┌─ AVAILABLE DATA

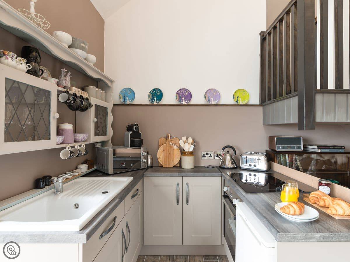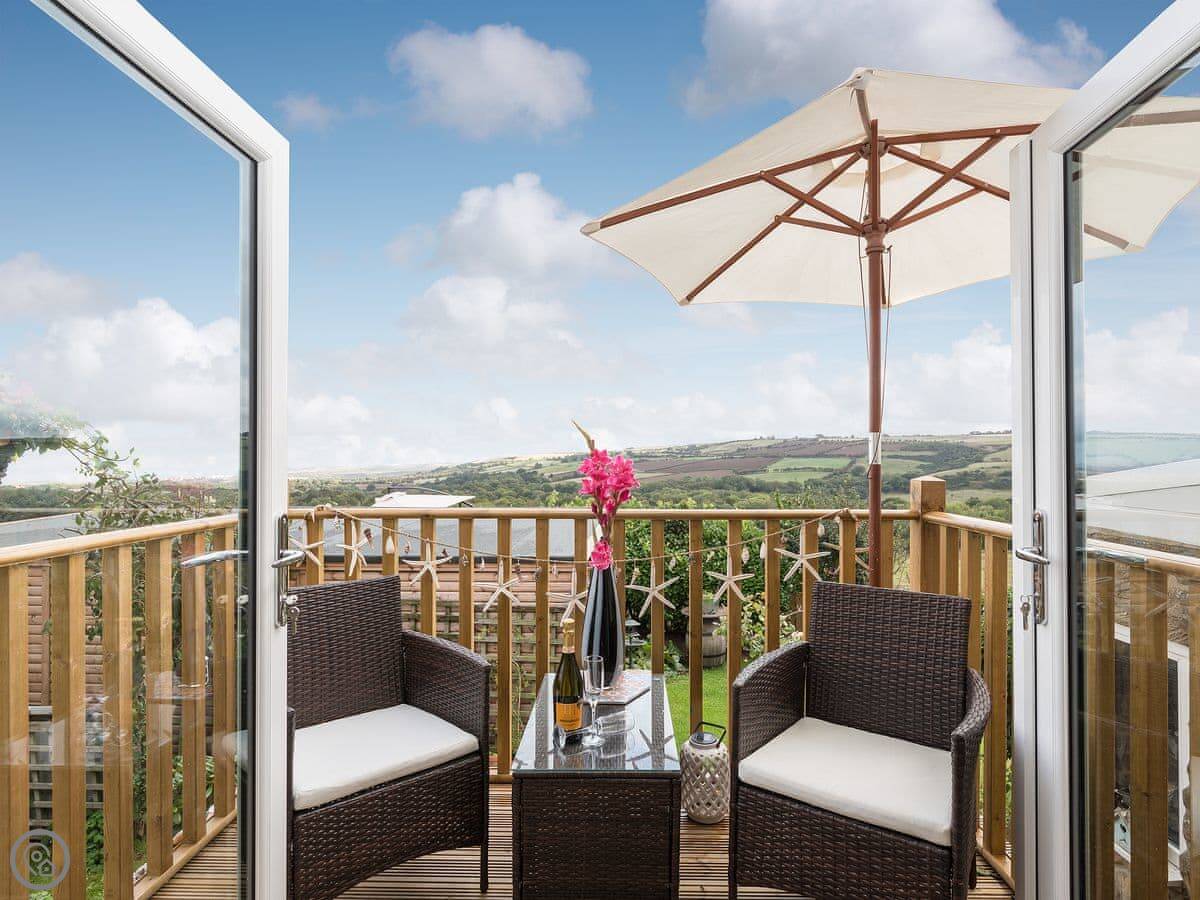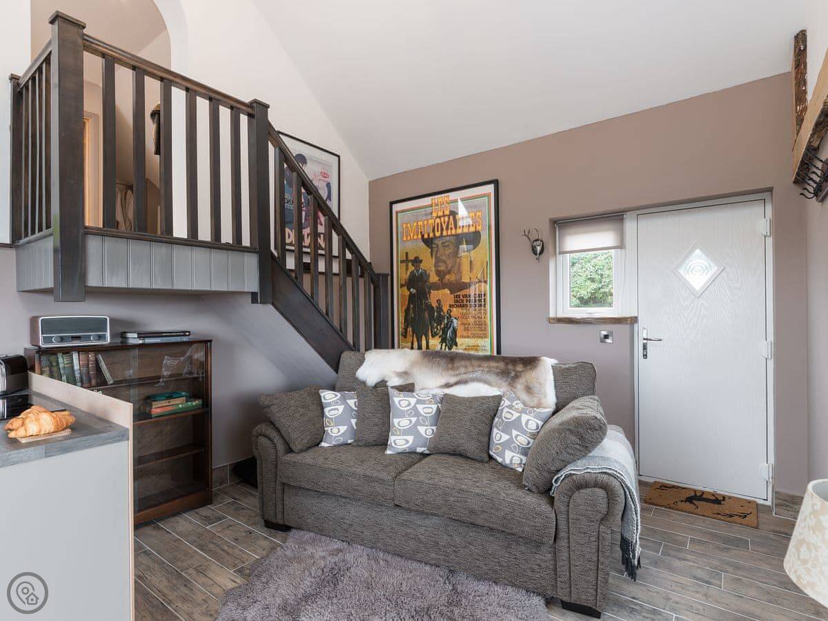 The place was renovated a few years ago so it's in good shape. It's open plan downstairs, with the kitchen at one end. The patio doors open onto a balcony that looks out over fields towards Staithes and the sea. You can see the water from there on a clear day.
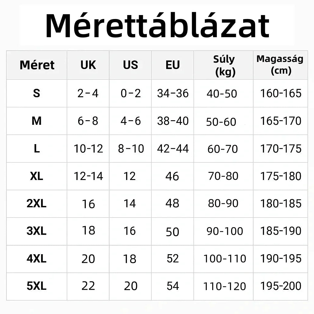 Méret: S, M, L, XL, 2XL, 3XL
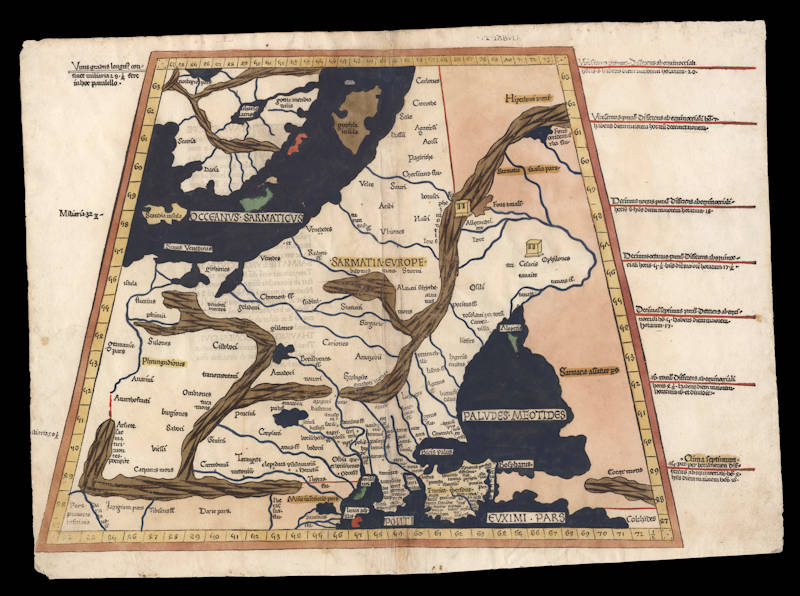 Nicolaus Germanus' spectacular version of Ptolemy's eight map of Europe, covering today's Russia, Ukraine, Eastern Europe and Scandinavia. Very rare.

└─

### WHAT THIS TASK INVOLVES:
The material is to be written out word for word, and the pictures are to be left out.

### TASK ANSWER:
 The place was renovated a few years ago so it's in good shape. It's open plan downstairs, with the kitchen at one end. The patio doors open onto a balcony that looks out over fields towards Staithes and the sea. You can see the water from there on a clear day.
 Méret: S, M, L, XL, 2XL, 3XL
 Nicolaus Germanus' spectacular version of Ptolemy's eight map of Europe, covering today's Russia, Ukraine, Eastern Europe and Scandinavia. Very rare.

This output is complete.